→ **Task description**
Could you copy exactly the lines below, beginning at the line with "レイヤード風にドッキングさせたウエストディテールが印象的なパンツ。" and stopping after the line with "Fényképes egyedi falinaptár", with no pictures?

→ **Data**
----------------
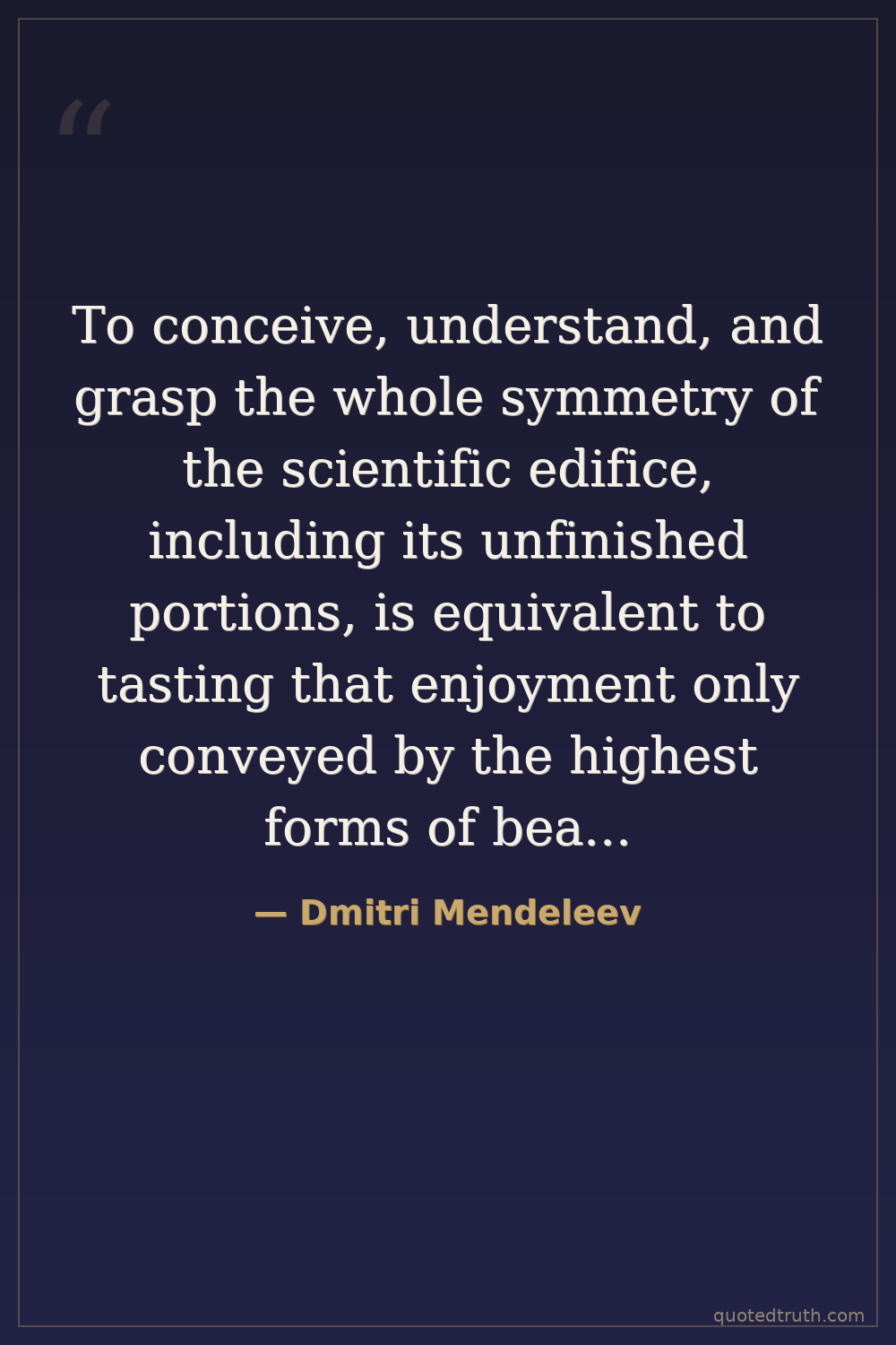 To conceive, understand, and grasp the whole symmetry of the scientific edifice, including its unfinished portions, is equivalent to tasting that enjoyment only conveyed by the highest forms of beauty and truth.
----------------
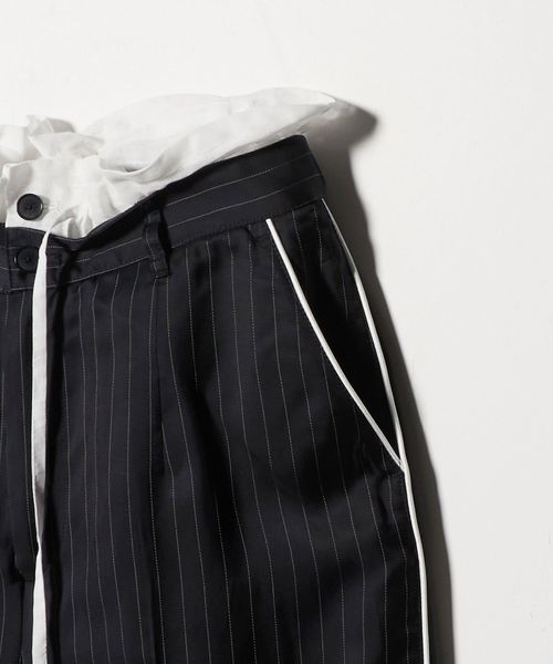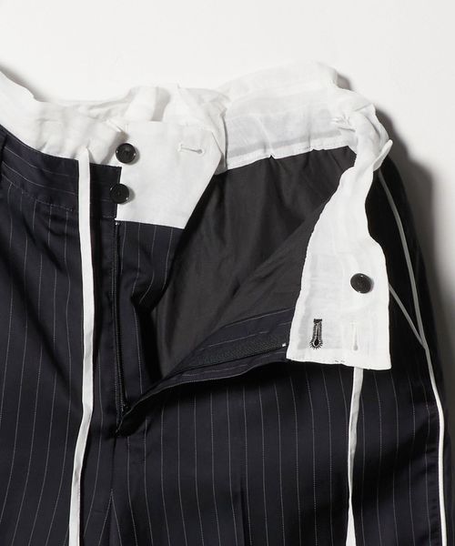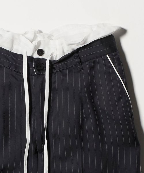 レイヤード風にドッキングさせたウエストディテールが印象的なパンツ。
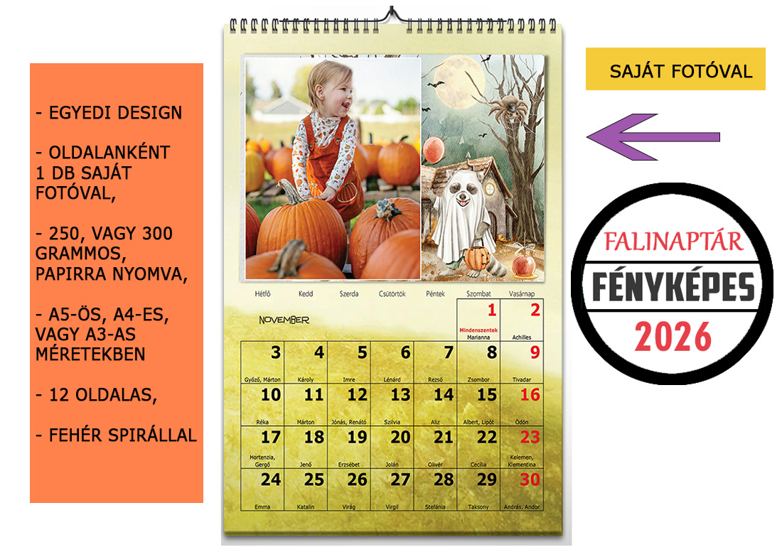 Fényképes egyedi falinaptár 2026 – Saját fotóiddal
----------------
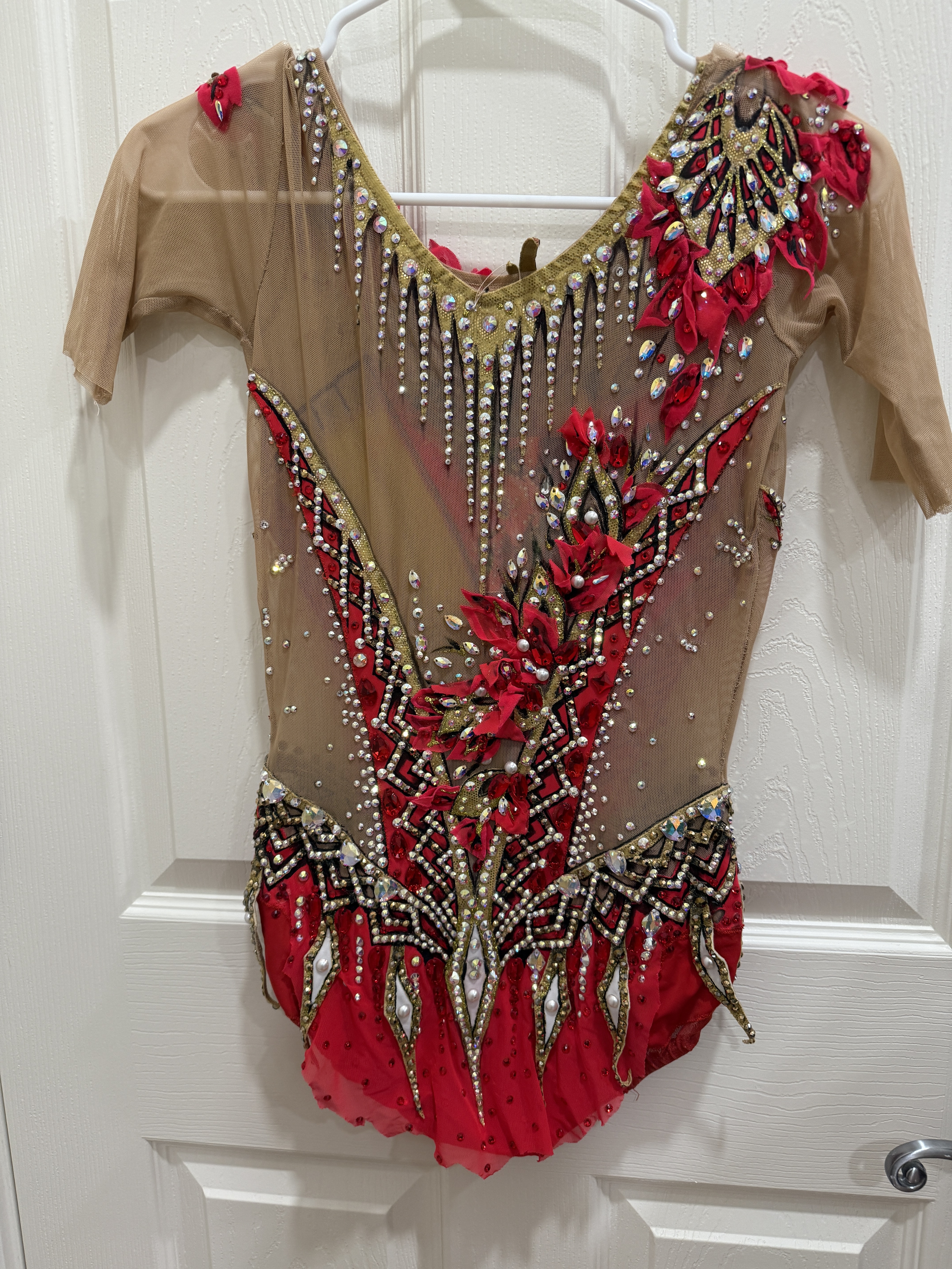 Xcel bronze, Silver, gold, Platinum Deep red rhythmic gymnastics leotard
----------------
→ **Worked solution**
 レイヤード風にドッキングさせたウエストディテールが印象的なパンツ。
 Fényképes egyedi falinaptár 2026 – Saját fotóiddal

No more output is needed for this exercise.